== TASK STATEMENT ==
Omit every picture, then return the listing verbatim.

== DATA EXTRACT ==
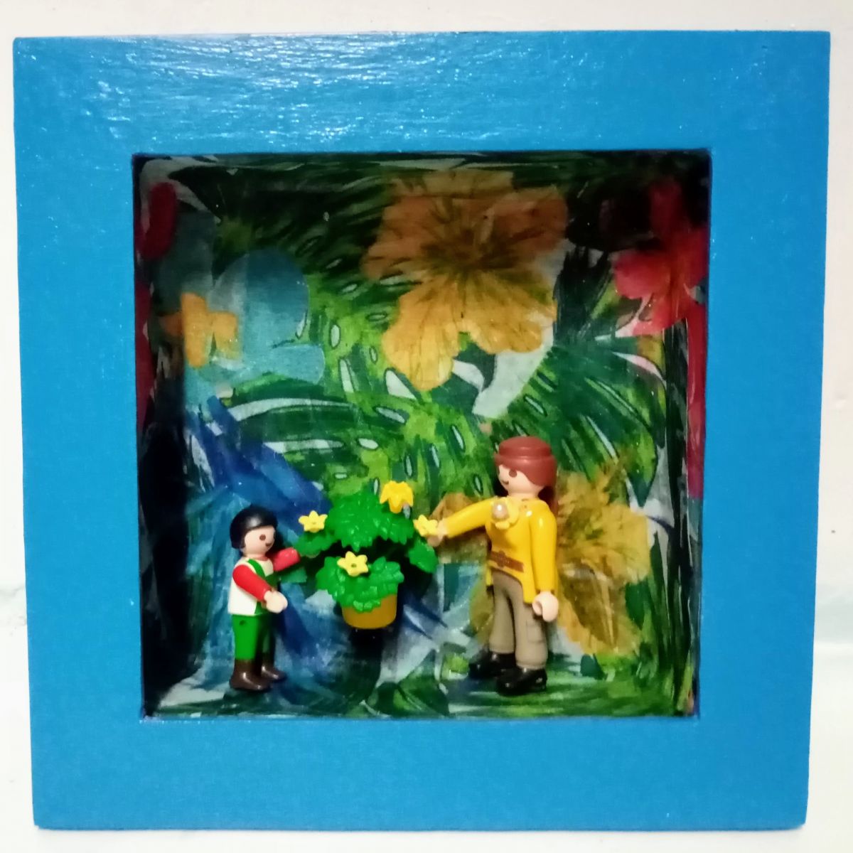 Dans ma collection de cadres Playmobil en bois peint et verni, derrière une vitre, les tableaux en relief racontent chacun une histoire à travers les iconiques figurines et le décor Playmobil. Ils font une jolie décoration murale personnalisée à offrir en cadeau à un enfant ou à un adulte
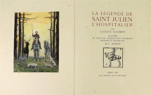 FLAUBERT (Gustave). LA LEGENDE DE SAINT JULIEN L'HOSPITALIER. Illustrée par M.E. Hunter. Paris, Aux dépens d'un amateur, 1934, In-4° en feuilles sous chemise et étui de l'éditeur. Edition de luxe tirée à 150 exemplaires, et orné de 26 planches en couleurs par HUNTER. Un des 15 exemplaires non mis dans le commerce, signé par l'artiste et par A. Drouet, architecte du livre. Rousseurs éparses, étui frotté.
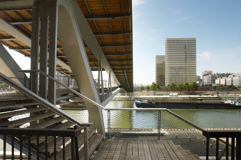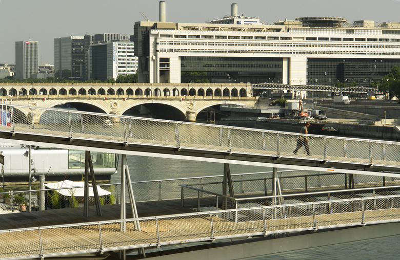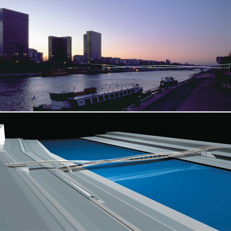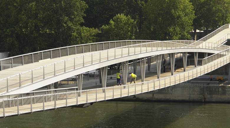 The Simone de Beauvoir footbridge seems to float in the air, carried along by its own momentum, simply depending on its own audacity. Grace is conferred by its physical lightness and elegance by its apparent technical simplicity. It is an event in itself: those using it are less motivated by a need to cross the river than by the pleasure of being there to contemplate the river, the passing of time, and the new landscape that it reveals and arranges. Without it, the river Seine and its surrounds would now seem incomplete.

== FINISHED TASK ==
 Dans ma collection de cadres Playmobil en bois peint et verni, derrière une vitre, les tableaux en relief racontent chacun une histoire à travers les iconiques figurines et le décor Playmobil. Ils font une jolie décoration murale personnalisée à offrir en cadeau à un enfant ou à un adulte
 FLAUBERT (Gustave). LA LEGENDE DE SAINT JULIEN L'HOSPITALIER. Illustrée par M.E. Hunter. Paris, Aux dépens d'un amateur, 1934, In-4° en feuilles sous chemise et étui de l'éditeur. Edition de luxe tirée à 150 exemplaires, et orné de 26 planches en couleurs par HUNTER. Un des 15 exemplaires non mis dans le commerce, signé par l'artiste et par A. Drouet, architecte du livre. Rousseurs éparses, étui frotté.
 The Simone de Beauvoir footbridge seems to float in the air, carried along by its own momentum, simply depending on its own audacity. Grace is conferred by its physical lightness and elegance by its apparent technical simplicity. It is an event in itself: those using it are less motivated by a need to cross the river than by the pleasure of being there to contemplate the river, the passing of time, and the new landscape that it reveals and arranges. Without it, the river Seine and its surrounds would now seem incomplete.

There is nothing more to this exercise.